____ RECORDS SUPPLIED

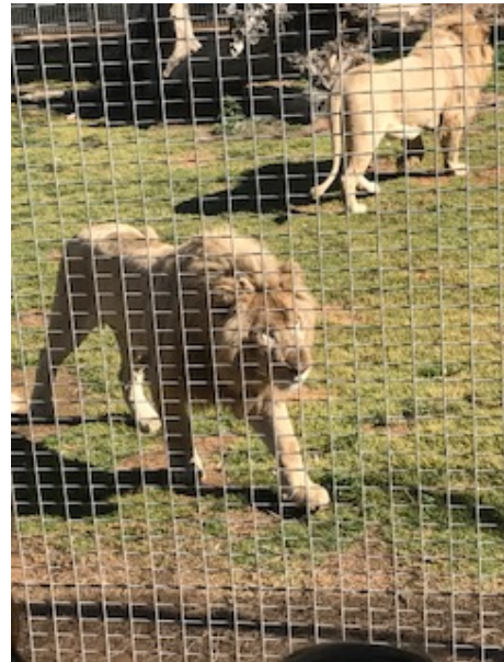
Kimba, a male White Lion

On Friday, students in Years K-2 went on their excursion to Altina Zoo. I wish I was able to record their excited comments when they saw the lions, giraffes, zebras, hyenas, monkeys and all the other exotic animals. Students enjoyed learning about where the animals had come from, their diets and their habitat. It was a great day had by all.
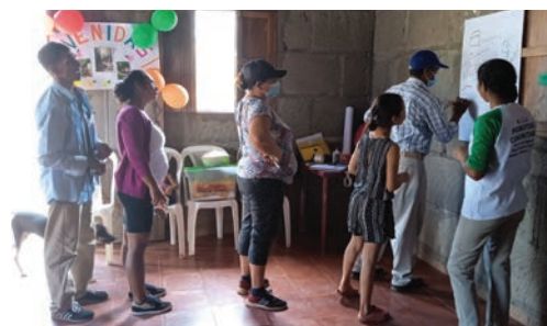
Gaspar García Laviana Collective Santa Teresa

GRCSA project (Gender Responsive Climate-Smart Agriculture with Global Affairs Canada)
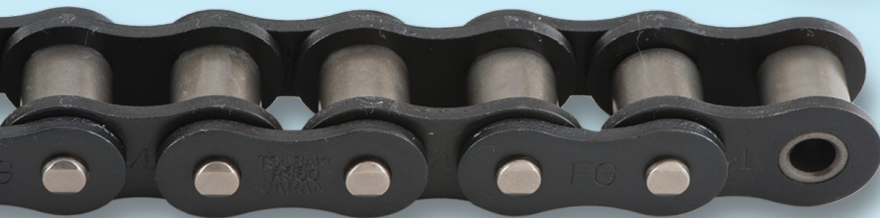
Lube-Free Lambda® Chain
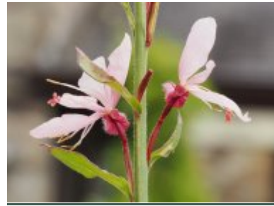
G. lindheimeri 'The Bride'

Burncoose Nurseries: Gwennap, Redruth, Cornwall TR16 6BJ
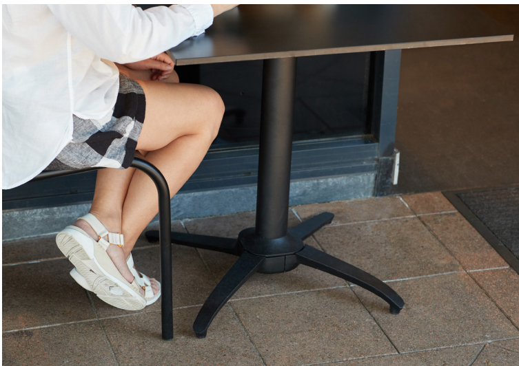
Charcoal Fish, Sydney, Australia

________

→ **ACTION ITEM**:
The expected output is an exact copy of the lines from the one with "G. lindheimeri 'The Bride'" to the final line of the entries above, pictures excepted; please include both ends.

→ **TASK SOLUTION**:
G. lindheimeri 'The Bride'

Burncoose Nurseries: Gwennap, Redruth, Cornwall TR16 6BJ
Charcoal Fish, Sydney, Australia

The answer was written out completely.